He Approached The Homeless Man With A Selfish Reason, But Learned Selfless Love From Him In The End

What’s the most soul satisfying thing you’ve done in your life so far? This man Adam August shared the experience on Quora of how he approached a homeless man just for the sake of killing time, but end up helping his homeless mate gain a new life in 2 weeks. And most importantly, he learned what selfless love truly means from this unexpected experience. Let’s read the amazing story and see what inspiration you can get from it:

    I’ve seen this guy at Starbucks in Marin City several times. Every time I’d see him I’d tell myself that I would take him to lunch but always found an excuse not to. Today was different. It might have been selfish but I was lonely. I didn’t want to spend the whole day alone. I walked up to him, put my hand on his shoulder and said “ do you want to have lunch with me?”

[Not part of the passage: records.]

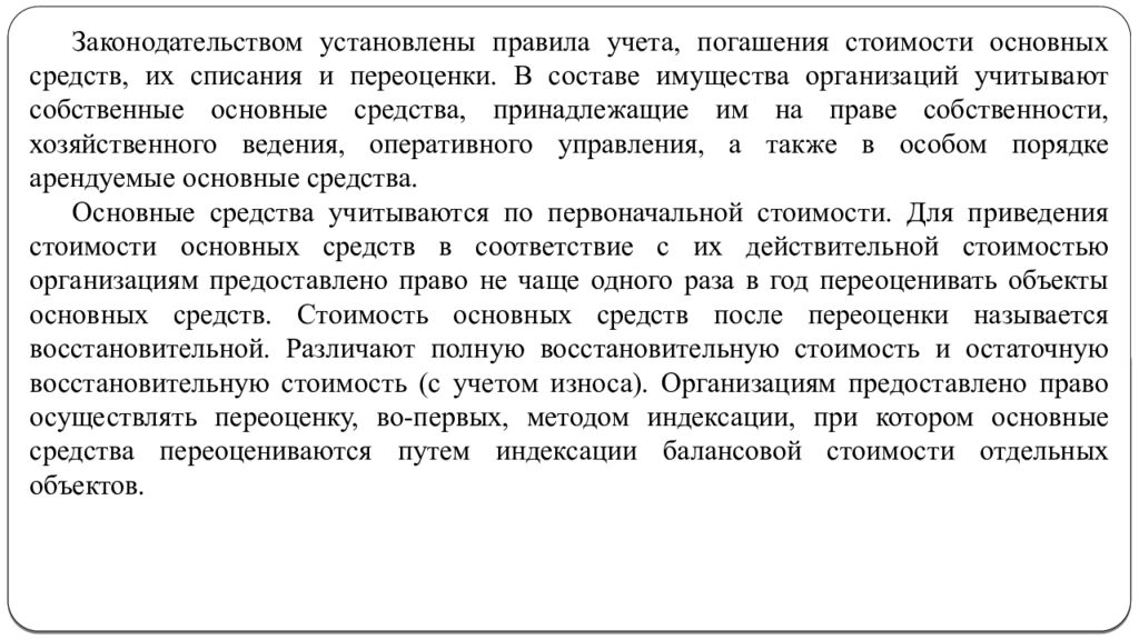 Законодательством установлены правила учета, погашения стоимости основных средств, их списания и переоценки. В составе имущества организаций учитывают собственные основные средства, принадлежащие им на праве собственности, хозяйственного ведения, оперативного управления, а также в особом порядке арендуемые основные средства. Основные средства учитываются по первоначальной стоимости. Для приведения стоимости основных средств в соответствие с их действительной стоимостью организациям предоставлено право не чаще одного раза в год переоценивать объекты основных средств. Стоимость основных средств после переоценки называется восстановительной. Различают полную восстановительную стоимость и остаточную восстановительную стоимость (с учетом износа). Организациям предоставлено право осуществлять переоценку, во-первых, методом индексации, при котором основные средства переоцениваются путем индексации балансовой стоимости отдельных объектов.
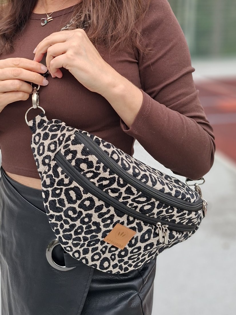 Bardzo duża nerka torebka damska z grubej, żakardowej tkaniny w panterkę.
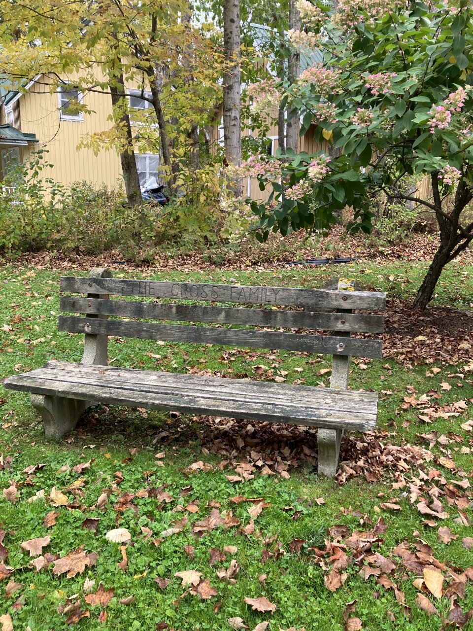 2023-11-09 The Cross Family Bench, located in Bayside, ME’s Scribner Park and submitted by Beverly Crofoot on behalf of the Bayside Historical Preservation Society. Harriette (Happy) Hilty provided the following history in October 2023: “The Ervin Cross family, living in Bangor at the time, came to Bayside 111 years ago. It’s possible that Loren Cross, father of Ervin and living in Morrill, may have visited Bayside before that. My mother, Harriette Cross Henninger, remembers her father, Ervin, renting Sunnyside cottage, Clinton Street, in 1912. Harriette’s mother, Ellen Ferguson Cross, bought the cottage, Forest Home, 23 Broadway, in 1921, with her earnings as a teacher. The cottage was eventually owned by Harriette Henninger Hilty and Kenneth Nunn. In 2012, Harriette (Happy) purchased Kenneth Nunn’s half of the cottage. The cottage will eventually be left to James E. Hilty, son of Harriette, and Katherine M. Hatcher, granddaughter. Loren and Annabelle Cross bought Columbia cottage that was located on Broadway about 1921. The cottage was on the now vacant lot between the Rand Camp and Stetser’s Marivista. After Loren and Annabelle died, Columbia was sold and moved. The front porch was installed on a cottage in Auditorium Park, and the remainder was moved to George Street and converted to a garage and storage space. The Cross Bench was placed in Scribner Park, its current location, so family members would have a place to wait for mail delivery to boxes located near where the library now is located.” Please consider joining the BHPS at https://www.baysidehps.org/index.php/donations/648/. #tbt #benches #memorialbenches #scribnerpark #baysidelibrary #cottagelife #oldbayside @baysidehps #bhps #baysidemaine
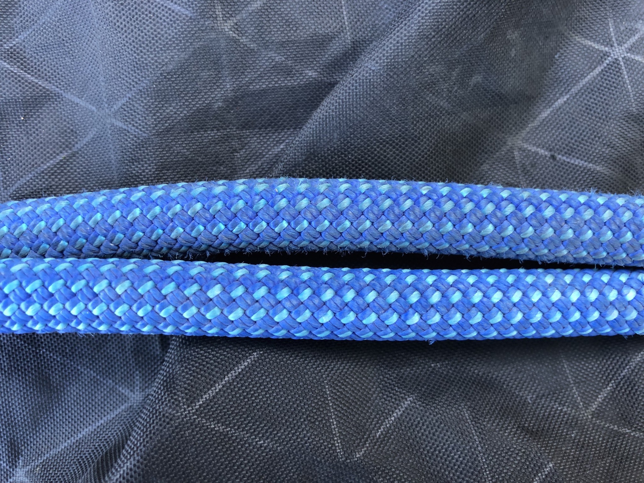 This rope weighs in at 59 g/m, which isn't bad compared to fatter 9.8 or thicker ropes, but is by no means as light as the 52 g/m cords that are 8.9 or 9mm thick.
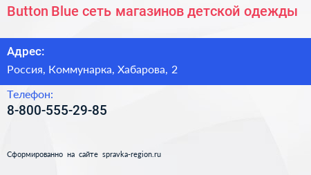 Button Blue, сеть магазинов детской одежды по адресу Торгово-развлекательный комплекс "Новомосковский", 2, улица Хабарова, Филимонковский район, Московский, Москва, Центральный федеральный округ, 142784, Россия в дальнейшем Организация, размещена в следующих категориях:
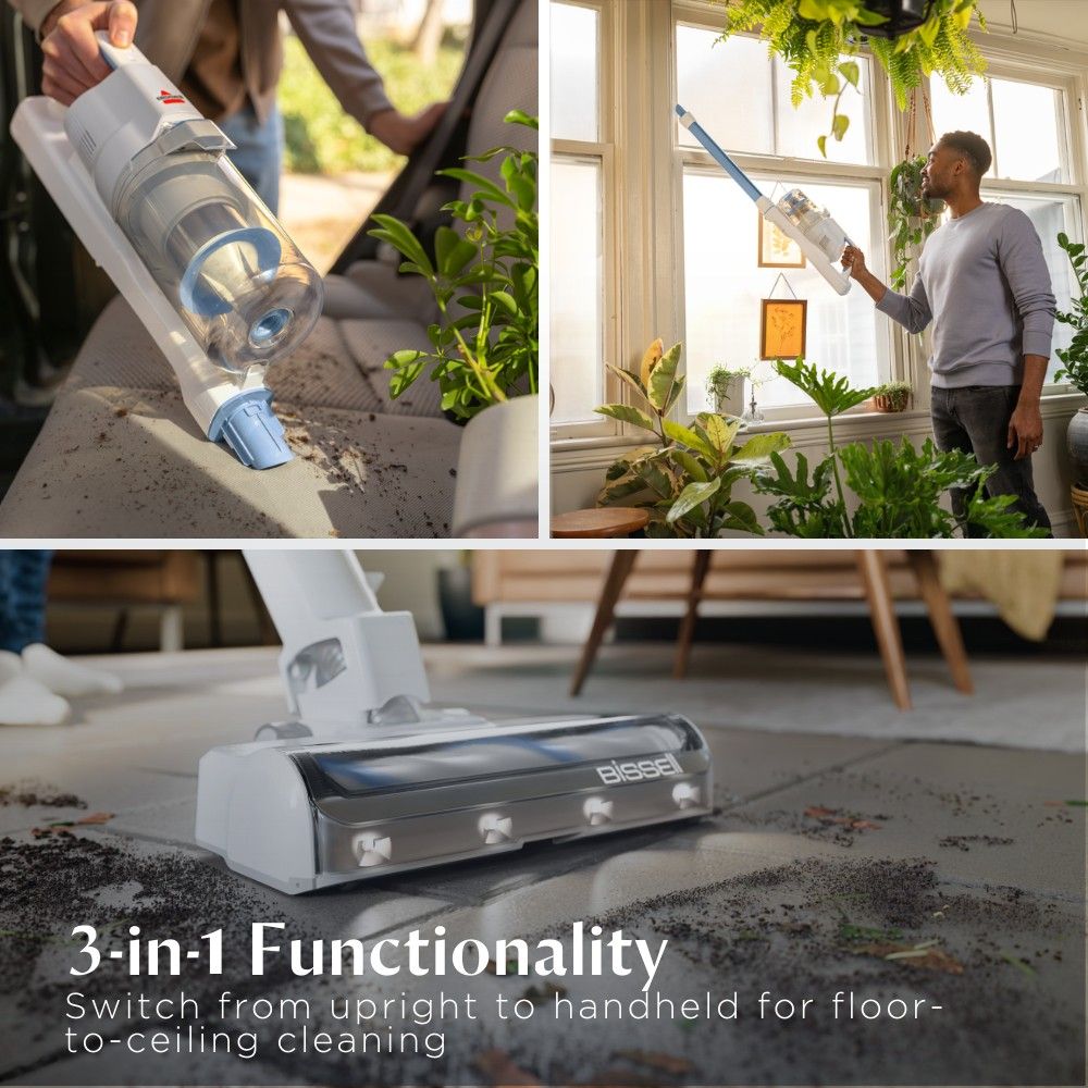 Transforms from stick to handheld or high-reach vacuum for versatile use

    Tarec Atkinson was born and raised in Jamaica. When he was a kid, he dreamt of being a famous futbol (soccer) player. He was recruited to play in school but never got the opportunity because of some trouble he got in as a teenager. He moved to the states 8 years ago and has spent the last 12 months living in a tent by the side of the freeway. Tarec goes days without eating, sometimes living off of the berries he picks, he spends 90% of his time alone and has no friends and no family in the states.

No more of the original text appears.